A methodology developed for sizing multiphase-production gathering lines was applied by Texaco Inc. in the Aneth oil field to determine flow line sizes for its CO2 flood operation.
The Aneth example shows the potential advantages that multiphase-flow gathering lines offer to field operations and project cost savings. But if the lines are not appropriately sized, a multiphase-flow system can be a detriment for operations.
Large-scale dual liquid and gas gathering systems have historically been avoided because of uncertainties and problems inherent in the character of multiphase-flow lines. However, if designed properly, a multiphase-flow system may improve field operations and field economics.
In addition and, contrary to popular belief, in the proper circumstance multiphase-flow systems may lower gathering line and wellhead pressure.
Recent advances in surface-facility simulation allow engineers to better predict the character and consequences of collecting all fluids in a single gathering line. The possible advantages shown by these simulations indicate that the option of multiphase flow should be considered when designing new liquid and gas gathering systems.
Potential applications
The potential economic benefit and operational improvement that is provided by multiphase-flow lines is applicable to a wide variety of projects. For example, in offshore oil and gas development, a subsurface production system can include a multiphase-flow gathering line to deliver all produced fluids to a land-based separation facility.
This removes the potentially prohibitive cost associated with the construction and maintenance of a fixed platform with separation facilities.
Another application might be in offshore arctic conditions, where this method could eliminate capital costs associated with building large ice-resistant platforms. In onshore development, multiphase production gathering enables the operator to reduce satellite facilities and line mileage.
Whether onshore or offshore, large or marginal, old or new, multiphase-flow gathering lines have the potential to improve field operation and economics.
Aneth Unit
The Aneth oil field is a compelling example because it demonstrates how multiphase production gathering was designed and applied to a mature, onshore field with complex terrain and dynamic fluid levels. Additionally, the Aneth example shows how multiphase production gathering can improve tertiary recovery economics.
This is becoming an issue of growing importance as North American fields deplete.
Texaco`s Aneth Unit is in a topographically complex region of southeastern Utah. The field has been operated as a waterflood since 1955.
The unit encompasses about 24 sq miles and has 14 sites where oil, water, and gas production facilities are located.
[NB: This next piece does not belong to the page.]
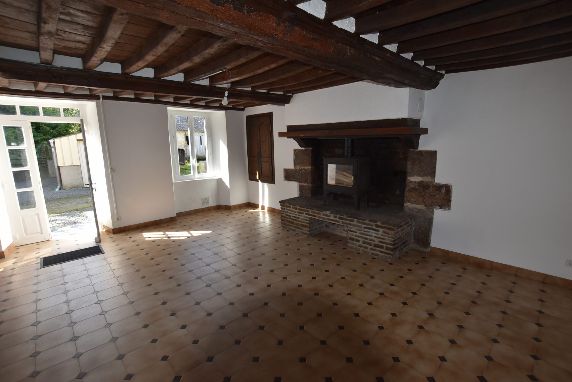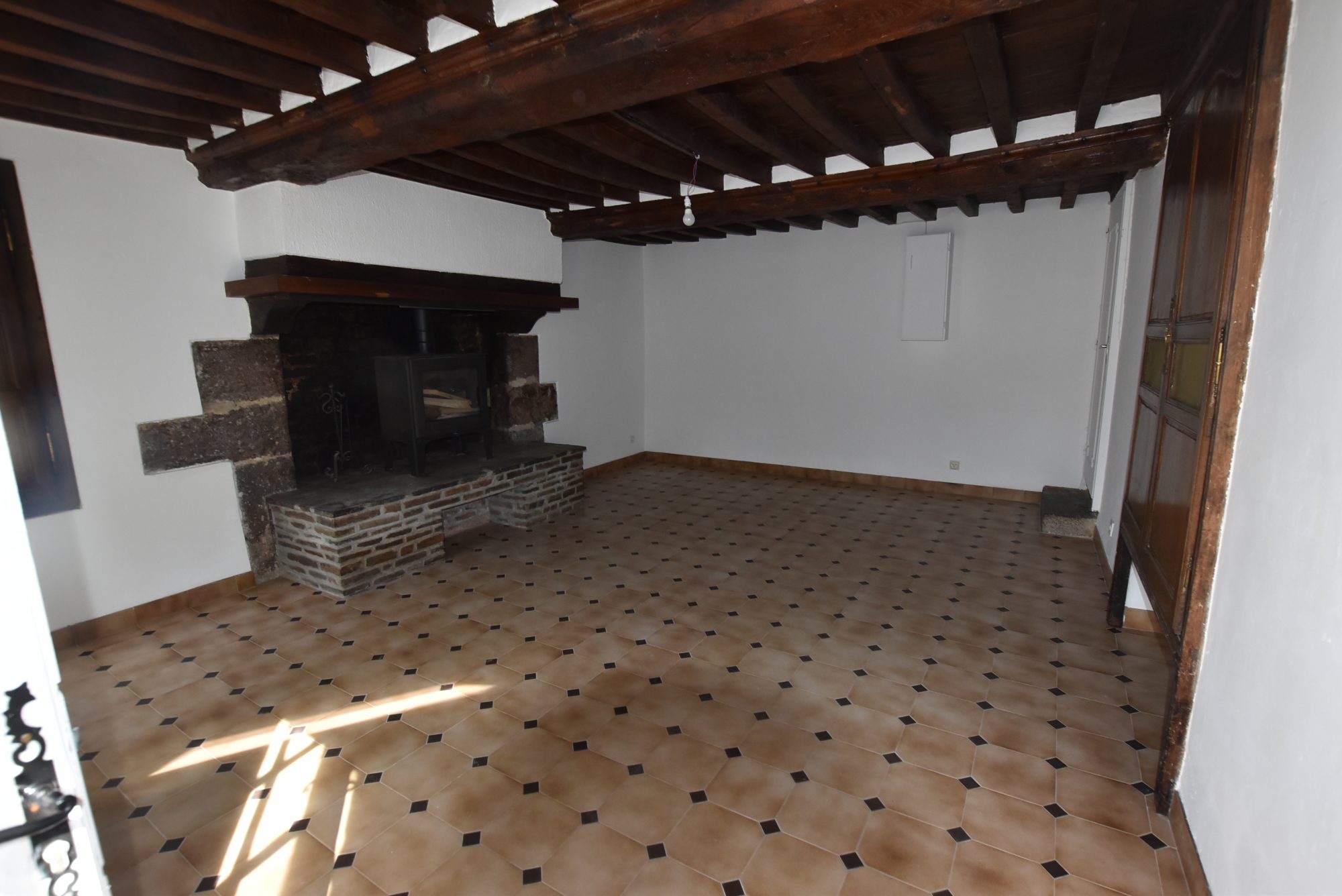 Au rez-de-chaussée : séjour avec poêle à bois, cuisine, salle d'eau et toilette séparé.

Approximately 200 miles of production gathering lines and 90 miles of water injection lines are used in daily operations.
In 1998, the surface facilities were redesigned as part of a plan to begin a carbon dioxide (CO2) miscible flood. At that time, the field produced about 4,500 bo/d, 60,000 bw/d, and 3.5 MMcfd.
Many U.S CO2 floods have substantially increased hydrocarbon recovery; however, CO2 floods risk economic failure due to large, necessary, up-front investment. A slim operating margin during a time of low oil prices means that facility-related expenditures could "make or break" CO2 project economics.
When implementing a CO2 flood, there are numerous facility engineering challenges and decisions that must be made. The assessment of multiphase-flow gathering lines is one such decision that could be made.
Facility design
Before the CO2 project began, hydrocarbon production was collected at satellite facilities. Two satellites are discussed in this article. Although these two satellites are less than 1 mile apart, their elevation differs by over 200 ft.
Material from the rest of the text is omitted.